Population (30 June 2025)
- • Total: 9,727
- • Density: 6.341/km^{2} (16.42/sq mi)
- Time zone: UTC+1 (CET)
- • Summer (DST): UTC+2 (CEST)
- ISO 3166 code: SE
- Province: Värmland and Dalarna
- Municipal code: 1782
- Website: www.filipstad.se

= Filipstad Municipality =

Filipstad Municipality (Filipstads kommun) is a municipality in Värmland County in west central Sweden.

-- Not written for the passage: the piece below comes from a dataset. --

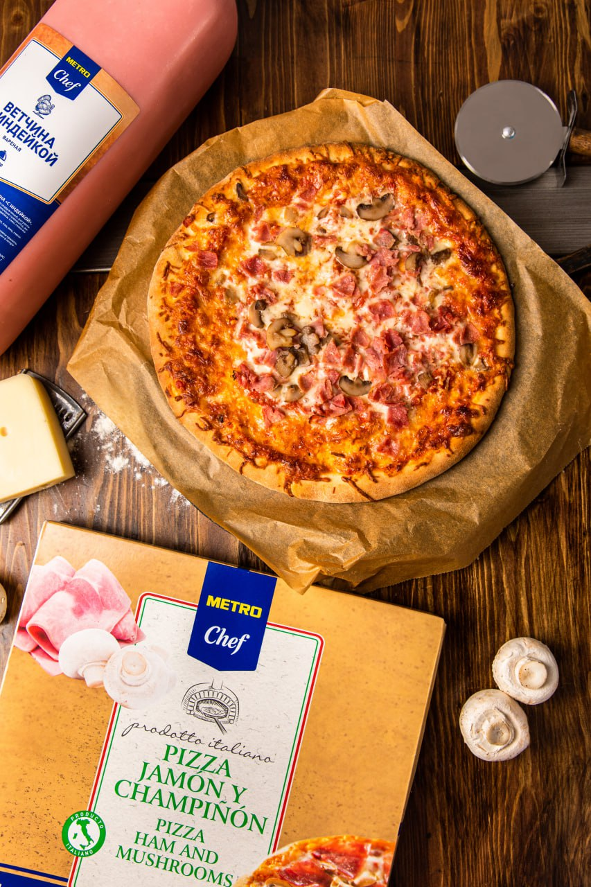 METRO Chef Пицца Ветчина и грибы замороженная 27см, 365г отличается тонким тестом с нежной начинкой и насыщенным ярким вкусом.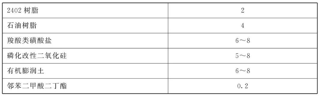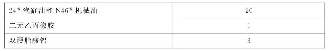 [原料配伍]本品各组分质量份配比范围为:羧酸类磺酸盐6~8,双硬脂酸铝2~4,磷化改性二氧化硅 5~8,有机膨润土6~8,二元乙丙橡胶0.5~ 1.5,2402树脂1 ~3,石油树脂3~5,邻苯二甲酸二丁酯0.1~0.3,24#汽缸油和N46#机械油15 ~25。

Its seat is located in the city of Filipstad.

The present municipality was created in 1971 when the City of Filipstad was merged with the rural municipalities of Kroppa, Rämmen and Värmlandsberg.

==Localities==
With at least 200 inhabitants:
- Filipstad, 6,300 inhabitants (seat)
- Lesjöfors, 1,247 inhabitants
- Nykroppa, 1,020 inhabitants
- Persberg, 350 inhabitants
- Nordmark, 250 inhabitants

==Demographics==
This is a demographic table based on Filipstad Municipality's electoral districts in the 2022 Swedish general election sourced from SVT's election platform, in turn taken from SCB official statistics.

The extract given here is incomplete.